From the Church Committee report:
●“Nearly a quarter of a million first class letters were opened and photographed in the United States by the CIA between 1953-1973, producing a CIA computerized index of nearly one and one-half million names.
●“At least 130,000 first class letters were opened and photographed by the FBI between 1940-1966 in eight U.S. cities.
●“Some 300,000 individuals were indexed in a CIA computer system and separate files were created on approximately 7,200 Americans and over 100 domestic groups during the course of CIA’s Operation CHAOS (1967-1973).
●“An estimated 100,000 Americans were the subjects of United States Army intelligence files created between the mid-1960’s and 1971.
●“Intelligence files on more than 11,000 individuals and groups were created by the Internal Revenue Service between 1969 and 1973 and tax investigations were started on the basis of political rather than tax criteria.”
Back then, the Cold War and fear of foreign subversion prompted our federal government to surveil U.S. citizens.
Then, the threat was communism. Now, it’s terrorism.
But the information being amassed is not just a record of phone calls, callers’ location and lengths of conversations. The government is also collecting millions of contact lists from e-mail and instant-messaging accounts around the world, The Post reported last fall.
Spying used to take place by secretly opening postal mail. Now, government surveillance is conducted by sophisticated electronics.
And along the way, when there is public furor over intelligence excesses — as happened after the release of the Church report — note that the government’s powers seem to broaden.
Witness the USA Patriot Act, which Congress passed by overwhelming, bipartisan margins after the Sept. 11, 2001, attacks. The law gave the government new tools to detect and prevent terrorism, including sweeping surveillance powers.
Cold War spy rings were not figments of the imagination. And American spies did send secrets to the Soviets. FBI agent Robert Hanssen was a spy for Russia. So, too, the CIA’s Aldrich H. Ames, who compromised a trove of U.S. assets.

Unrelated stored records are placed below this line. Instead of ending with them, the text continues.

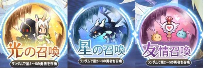 『ドット勇者』のガチャは、以下に挙げるガチャで★2~★5勇者が手に入ります。
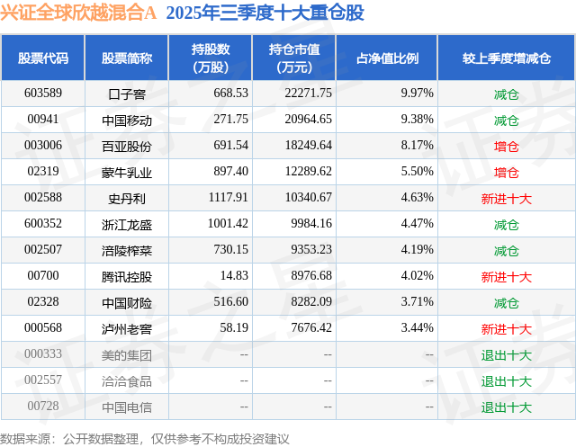 兴证全球欣越混合A的前十大重仓股如下:
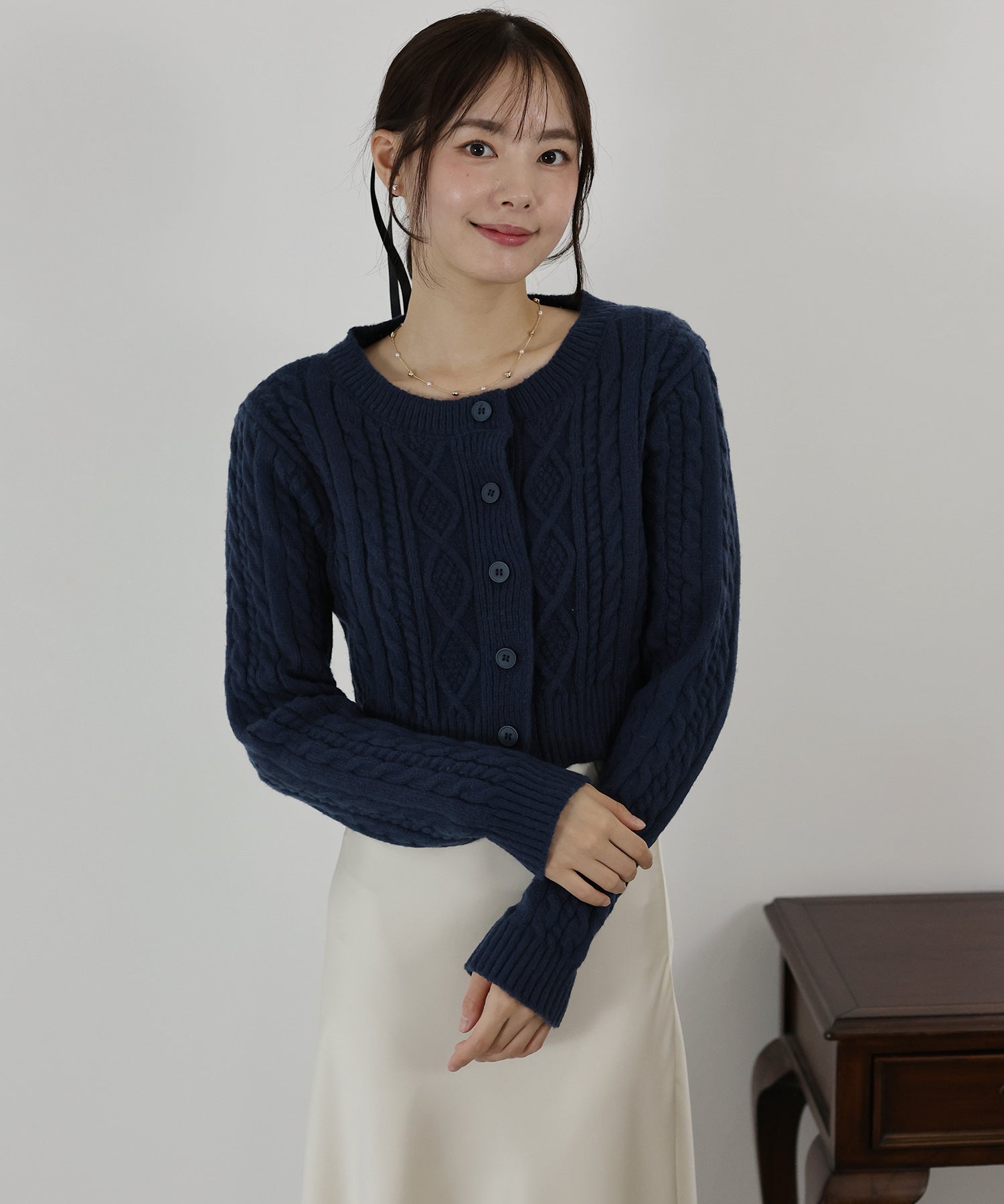 ケーブル編みできれいめな印象のショート丈ニットカーディガン。
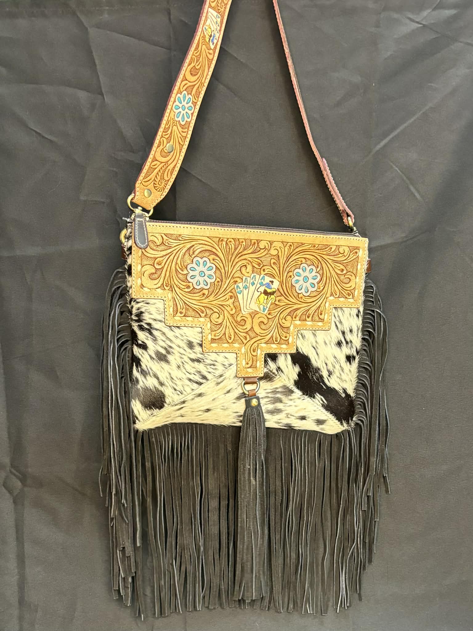Sacoche Western – Cuir travaillé - jeu de carte, poil de vache & franges
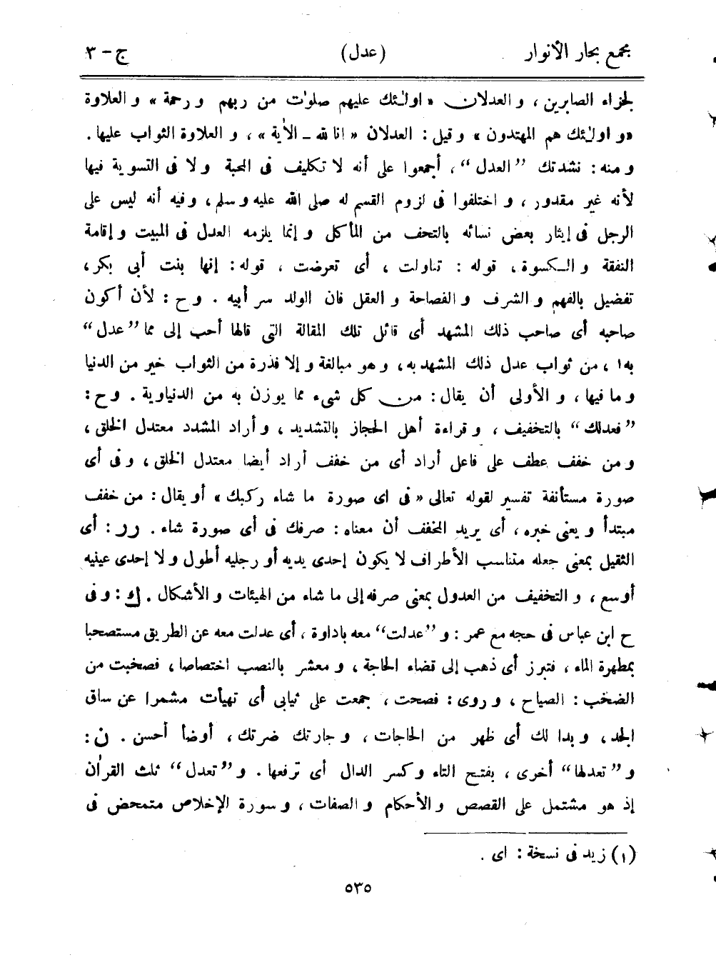 لجزاء الصابرين، والعدلان "أولئك عليهم صلوات من ربهم ورحمة" والعلاوة "وأولئك هم المهتدون" وقيل: العدلان "إنا لله- الآية"، والعلاوة الثواب عليها. ومنه: نشدتك "العدل"، أجمعوا على أنه لا تكليف في المحبة ولا في التسوية فيها لأنه غير مقدور، واختلفوا في لزوم القسم له صلى الله عليه وسلم، وفيه أنه ليس على الرجل في إيثار بعض نسائه بالتحف من المأكل وإنما يلزمه العدل في المبيت وإقامة النفقة والكسوة، قوله: تناولت، أي تعرضت، قوله: إنها بنت أبي بكر، تفضيل بالفهم والشرف والفصاحة والعقل فإن الولد سر أبيه. وح: لأن أكون صاحبه أي صاحب ذلك المشهد أي قائل تلك المقالة التي قالها أحب إلي مما "عدل" به، من ثواب عدل ذلك المشهد به، وهو مبالغة وإلا فذرة من الثواب خير من الدنيا وما فيها، والأولى أن يقال: من كل شيء مما يوزن به من الدنياوية. وح: "فعدلك" بالتخفيف، وقراءة أهل الحجاز بالتشديد، وأراد المشدد معتدل الخلق، ومن خفف عطف على فاعل أراد أي من خفف أراد أيضًا معتدل الخلق، وفي أي صورة مستأنفة تفسير لقوله تعالى "في أي صورة ما شاء ركبك" أو يقال: من خفف مبتدأ ويعني خبره، أي يريد المخفف أن معناه: صرفك في أي صورة شاء. رر: أي الثقيل بمعنى جعله متناسب الأطراف لا يكون إحدى يديه أو رجليه أطول ولا إحدى عينيه أوسع، والتخفيف من العدول بمعنى صرفه إلى ما شاء من الهيئات والأشكال. ك: وفي ح ابن عباس في حجه مع عمر: و"عدلت" معه بأداوة، أي عدلت معه عن الطريق مستصحبًا بمطهرة الماء، فتبرز أي ذهب إلى قضاء الحاجة، ومعشر بالنصب اختصاصًا، فصخبت من الضخب: الصياح، وروى: فصحت، جمعت على ثيابي أي تهيأت مشمرًا عن ساق الجد، وبدا لك أي ظهر من الحاجات، وجارتك ضرتك، أوضأ أحسن. ن: و"تعدلها" أخرى، بفتح التاء وكسر الدال أي ترفعها. و"تعدل" ثلث القرآن إذ هو مشتمل على القصص والأحكام والصفات، وسورة الإخلاص متمحض في
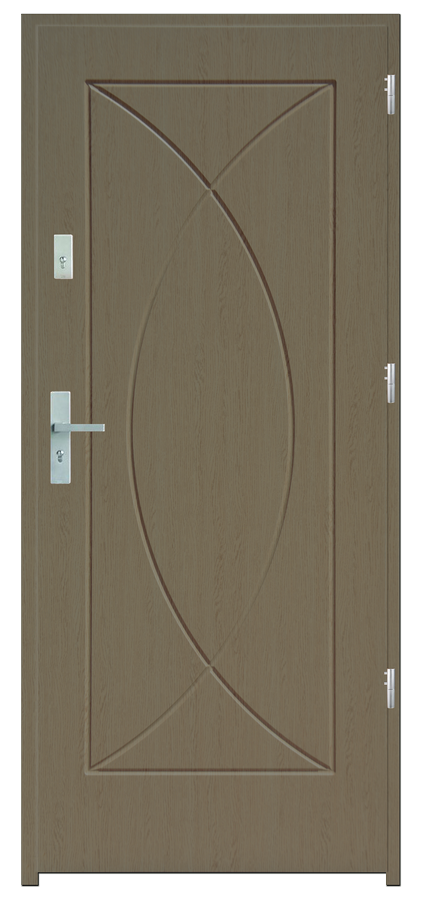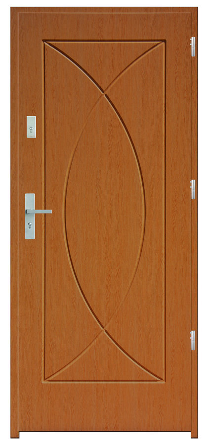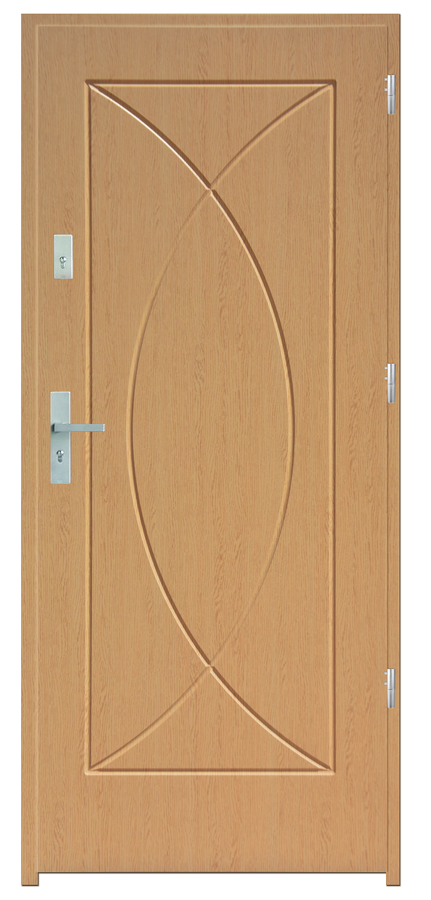 Skrzydło drzwiowe wykonane z klejonego wzdłuż i w poprzek drewna sosnowego. Jego wypełnienie stanowi płyta wiórowa pełna i styropian twardy. Takie wykonanie zwiększa wytrzymałość konstrukcji.

Likewise, the 9/11 attacks and the 1993 World Trade Center bombing were horrors planned, financed and executed by foreign terrorists. “Shoe bomber” Richard Reid and “underwear bomber” Umar Farouk Abdulmutallab weren’t lone wolves: Both were trained by terrorists and furnished with instruments of destruction.
But tensions remain between protecting Americans and defending the civil liberties enshrined in the Bill of Rights.
Administrations of both parties have embraced measures and investigative techniques to fend off foreign assaults on the home front.
At issue today, as in the past: Who or what can impose restraint on government power that threatens its own citizens? Can the executive branch be counted upon to check itself? The Founders answered that question with their system of checks and balances.
When the system tilts, lopsided, agencies go unsupervised, telegrams are read, letters opened, cellphone calls collected — and government, uncontrolled and unaccountable, goes where it doesn’t belong.